■ **Exercise goal**: Using the records below, write out only the lines from the line containing "LINOLEUM VERDE LINOLEUM MARRON LINOLEUM GRIS" up to and including the line containing "移動販売事業や黒坂のまちおこしについて語り合う", exactly, with no pictures.

■ **Information provided**:
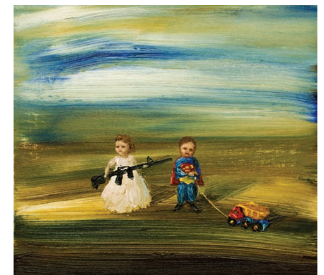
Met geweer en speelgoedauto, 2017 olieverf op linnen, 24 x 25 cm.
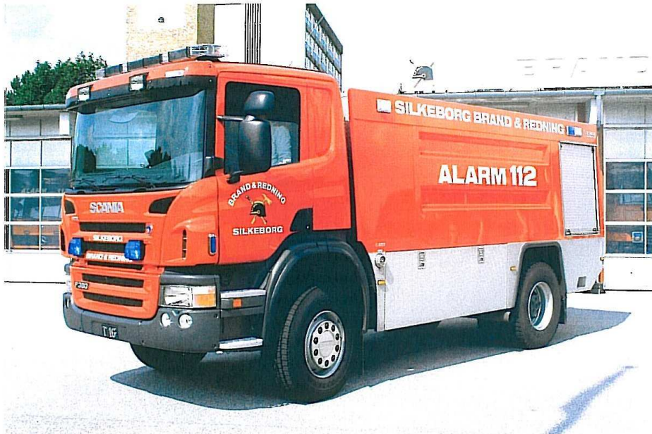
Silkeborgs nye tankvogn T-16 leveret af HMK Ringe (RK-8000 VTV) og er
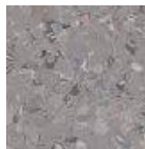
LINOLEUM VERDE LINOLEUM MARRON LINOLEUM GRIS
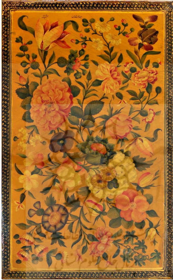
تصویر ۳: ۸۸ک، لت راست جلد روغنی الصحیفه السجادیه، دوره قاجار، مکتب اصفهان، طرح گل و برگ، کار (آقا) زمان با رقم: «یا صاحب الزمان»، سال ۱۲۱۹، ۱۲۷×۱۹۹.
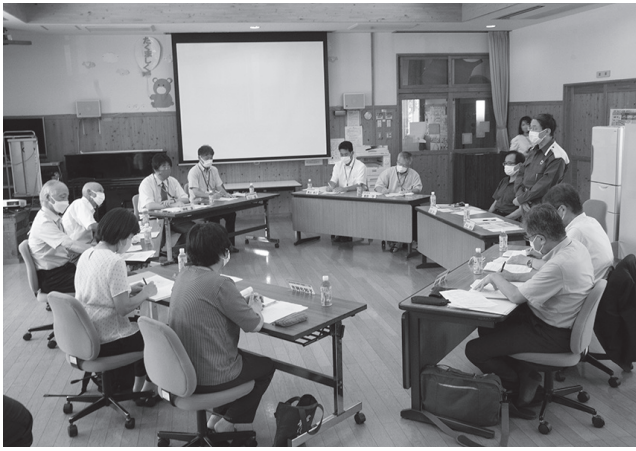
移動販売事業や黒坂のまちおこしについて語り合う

...

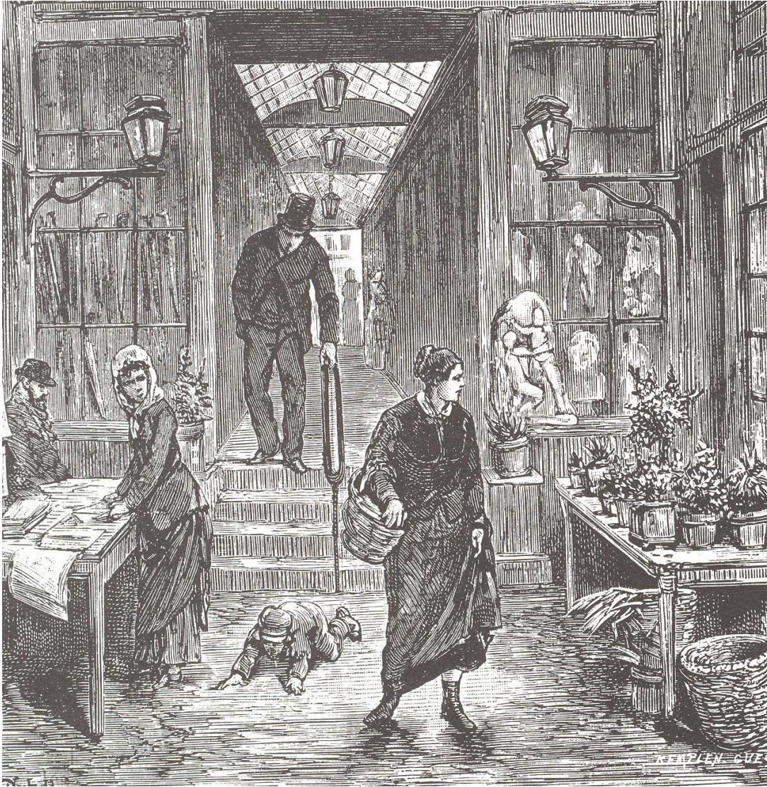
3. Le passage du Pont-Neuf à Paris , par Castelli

==

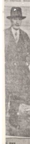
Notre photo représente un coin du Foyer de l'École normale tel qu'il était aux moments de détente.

■ **Exercise answer**:
LINOLEUM VERDE LINOLEUM MARRON LINOLEUM GRIS
تصویر ۳: ۸۸ک، لت راست جلد روغنی الصحیفه السجادیه، دوره قاجار، مکتب اصفهان، طرح گل و برگ، کار (آقا) زمان با رقم: «یا صاحب الزمان»، سال ۱۲۱۹، ۱۲۷×۱۹۹.
移動販売事業や黒坂のまちおこしについて語り合う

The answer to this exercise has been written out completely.